小川 私は研修医に「必ず何年かおきに学生の教科書を買え」と言っています。「最低でも外科学の教科書,あるいはその周辺の麻酔学などの教科書を買って読め」と言っています。いま,身につけておくべき知識が指数関数的に増加しています。それをいちばん簡単に学べるのは,実は教科書ではないかと思うのです。最新の教科書をいつも置いて読む習慣をつける。それは学生の教科書でいいし,研修医の教科書でもいい。そういう教科書をいつも読んで新しい知識を吸収する,医師は生涯学習をしていこうという意欲を持っていなければなりません。
 例えば,古い教科書から同じ肝臓癌のページをコピーして何年かおきに見ますと,ある時代に習ったものは,CTもなければ腫瘍マーカー,α-フェトプロテインもない肝臓癌を勉強している。この段階で止まってはいけないし,知識は必ず更新していかなければなりません。「外科学のすべての領域に目を通すつもりで,学生の教科書を何年かおきに必ず買って読め」と言っております。
 このたび,医学書院より『新臨床外科学』が刊行されましたが,このような成書は大切です。折りに触れて見るようにしています。教える側も,知識は更新していかなければなりません。「理由がわからないけれどわしはこう習った」などという教え方は通用しない時代です。何年かおきに改訂されるこういう成書は非常に価値があります。実は私は,『新臨床外科学』ではなく『標準外科学』(医学書院刊)のほうをこれまで何年かおきに買ってきました。いまは執筆させていただけるようにもなりましたが(笑)。
武藤 そうした教科書が充実してきた一方で,最近,小川先生たちがおまとめになられた『外科分子病態学』(医学書院刊)はまったく新しい考え方の本ですね。
小川 この10年間に外科医が行なう研究には分子生物学的手法が大きく取り入れられてくるようになりました。この本は外科医が治療に当たっている病態を,現在の分子生物学の視点で見直し,それをインテグレートすることを目的にしています。教科書の範囲を超えた,外科に関連した基礎科学の進歩の学習はこの本で補っていただければ幸いです。

外科医としての心構え

武藤 最後にお1人一言ずつ,これから外科医になろうとする方,あるいは若い外科医に対してメッセージをいただきたいと思います。

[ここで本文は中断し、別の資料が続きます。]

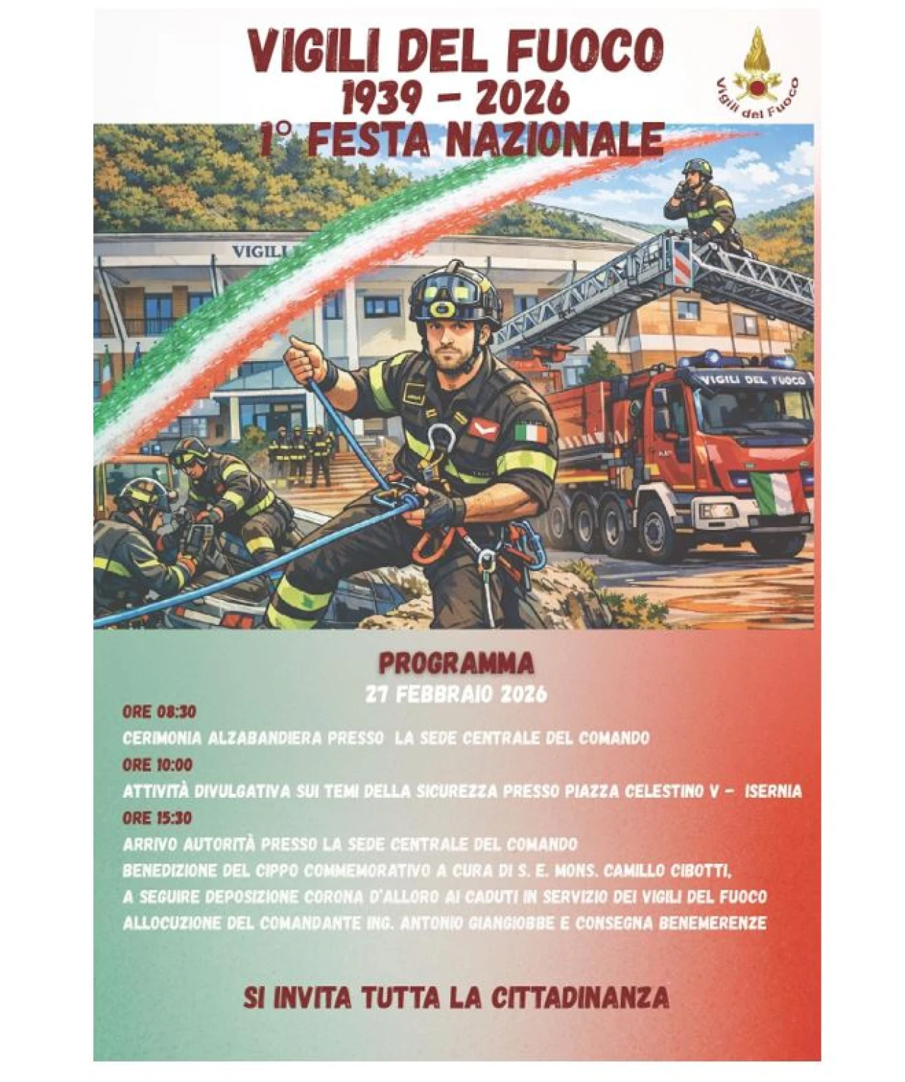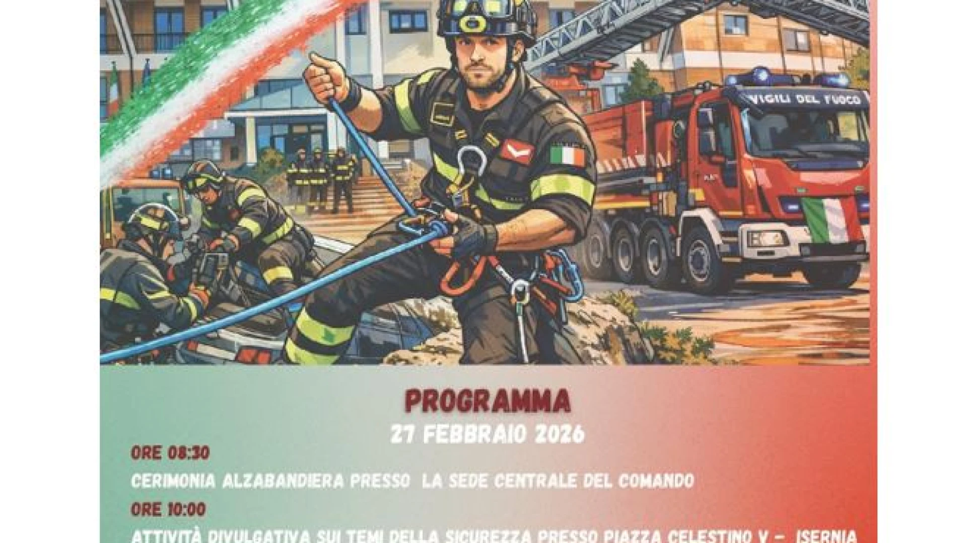 ISERNIA. Il giorno 27 febbraio 2026 si celebrerà, per la prima volta, la Festa commemorativa dell’istituzione del Corpo Nazionale dei Vigili del Fuoco, ricorrenza ufficialmente stabilita per il 27 febbraio di ogni anno.
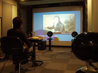 フロントLRとセンターがリスニングポイントから同じ距離になるように、センタースピーカーを少し遠ざけ、スクリーン側に近づけた。これですべてのスピーカーが自分から等距離だ。その結果、音場の広がりが非常に豊かになり、また、ダイナミズムの変化が滑らかで、微妙な音の出だしや消え行く余韻の再現が見事に洗練される。DVDオーディオのオーケストラ音楽では、ティンパニーのアタックの速さが際立って印象的だ。

小川 やはり,外科医というのは大変です。技術も知識もなければならないし,いたわりの心や克己心,見識を持ち,決して自分勝手に振る舞うのではなく,チーム医療の中でリーダー的な役割が果たせなければならない。
 「君たちは士官である」と私は研修医に言うんです。君たちはいまは見習いであるけれども,士官である。士官に任官したら自分よりずっと年上のコメディカルの方たちと一緒に仕事をしていかなければならない。そのためにはやはり強い責任感が必要だと。

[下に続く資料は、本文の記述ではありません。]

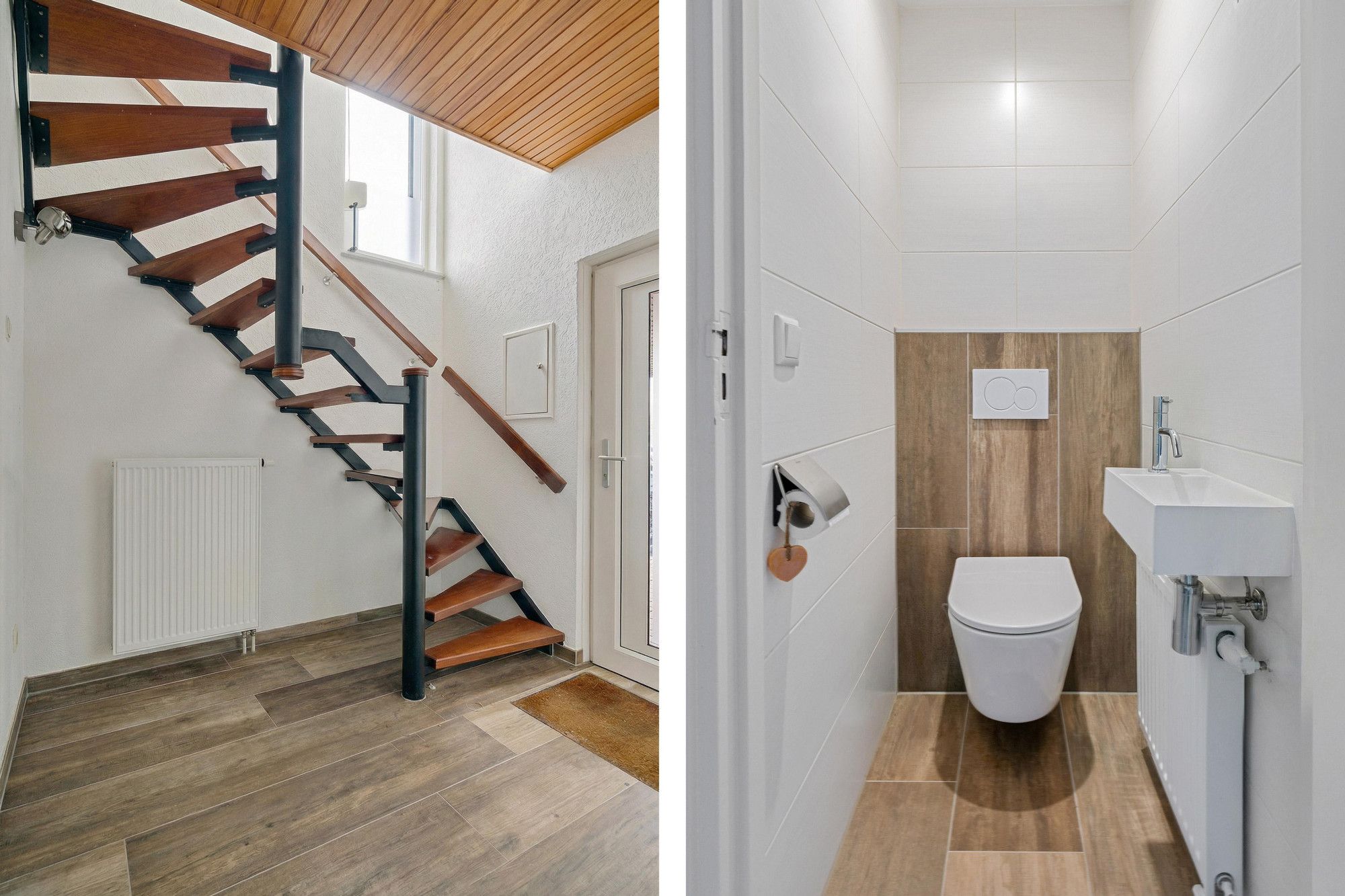 Verzorgde entree met moderne meterkast en volledig betegeld toilet met fonteintje.
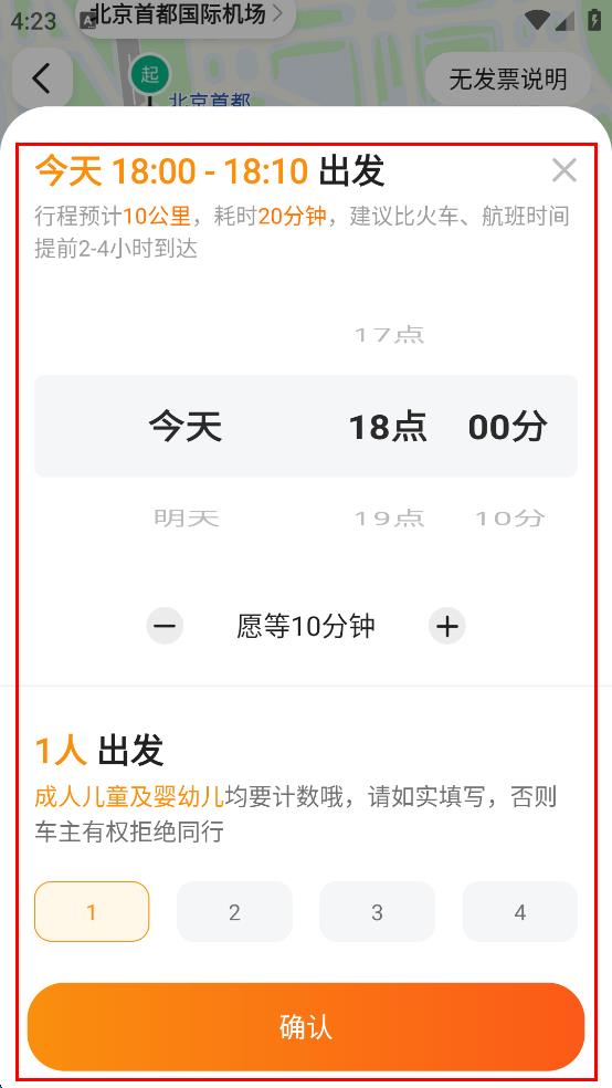 2、目的地输入完成后,进入出发时间和人数设置页面,选择合适的出发时间,再设置出发人数,如1人,设置好后点击“确认”按钮。
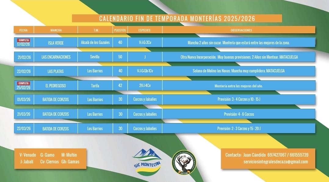 SERVICIOS INTEGRALES DE CAZA MONTECAN acaba de publicar la última actualización de su calendario tras las las suspensiones que por causas meteorológicas ha tenido que hacer y la publicación oficial de la prórroga de la temporada de monterías en Andalucía hasta el 28 de febrero para atender a todas estas jornadas suspendidas por los temporales de lluvia.
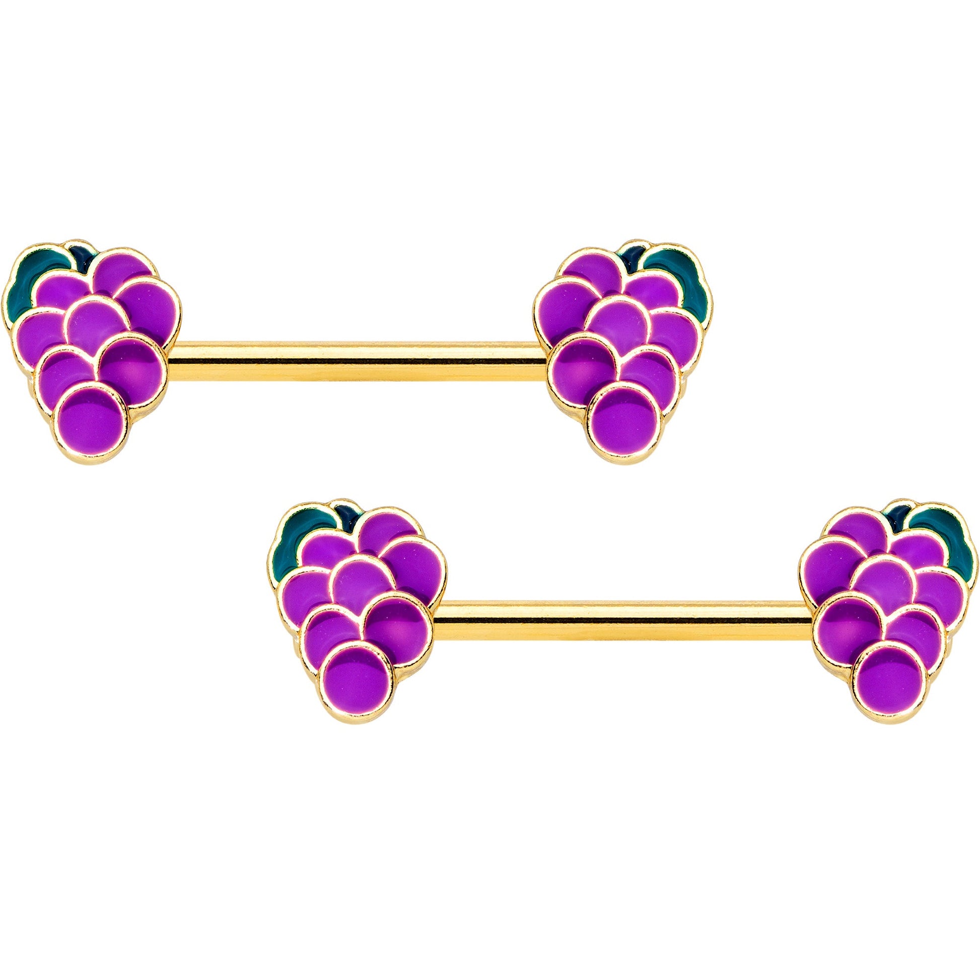 14 Gauge 9/16 Gold Tone Sweet Purple Grapes Barbell Nipple Ring Set
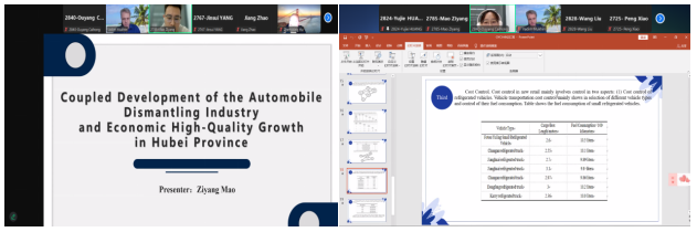 会上,公司研究生毛子阳作了题为“Coupled Development of the Automobile Dismantling Industry and Economic High-Quality Growth in Hubei Province”的报告。该报告通过分析湖北省汽车拆解产业与经济高质量增长的动态耦合机制,提出了促进产业升级和循环经济的策略。研究生欧阳彩虹作了题为“Optimization Analysis of Cold Chain Logistics Distribution for Fresh Agricultural Products under the New Retail Background”的报告。该报告针对新零售背景下农产品冷链物流配送的优化问题,提出了创新的优化模型和算法,旨在提升农产品供应链的效率和降低物流成本。
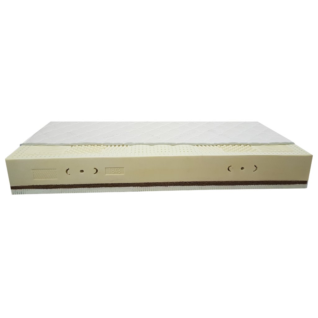 18-ti centimetrová latexová pěna ( 100% přírodní latex o objemové hmotnosti 75 kg/m3 ) profilovaná do 7-mi anatomických zón, s tuhosti H4 - měkčí strana

 それを要求する以上,その道を選んだ者に対してはそれにふさわしい社会的評価が得られるように,私たちはもっともっと動かなければなりません。いまは外科よりも他の科のほうがずっと経済的に評価されているという面もありますが,外科が適正な評価を得られるように変えていくことは,私たちの責務であると思います。
武藤 杉町先生,いかがでしょうか。
杉町 医学というのは患者さんを取り扱う学問ですから,工学や理学,農学とは根本的に異なります。「心」を持つ人間を対象とするところに医学・医療の最大の特徴があるということを私たちは肝に銘じなければなりません。特に外科医というのは,患者さんに大きな侵襲を加える場合があるわけですから,他の科の先生方以上に,患者さんの心を大事にするように心掛けなければいけないだろうと思います。

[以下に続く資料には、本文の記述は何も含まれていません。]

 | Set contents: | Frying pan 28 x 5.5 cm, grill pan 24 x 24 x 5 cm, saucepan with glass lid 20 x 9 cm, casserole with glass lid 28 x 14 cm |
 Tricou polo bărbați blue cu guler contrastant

武藤 私も両先生のご意見に賛成です。時間は少しかかるかもしれませんが,「専門医制度」もいずれできるようになります。将来的にはそういう専門医に対して特別な給与がつくということも検討されることでしょう。また,医師-患者関係などのコミュニケーション能力を重視した教育も始まりつつあります。21世紀は夢が実現する可能性をもつ時代であって,外科の仕事というのは一層やり甲斐のあるものになっていくのではないかと思います。
 本日はありがとうございました。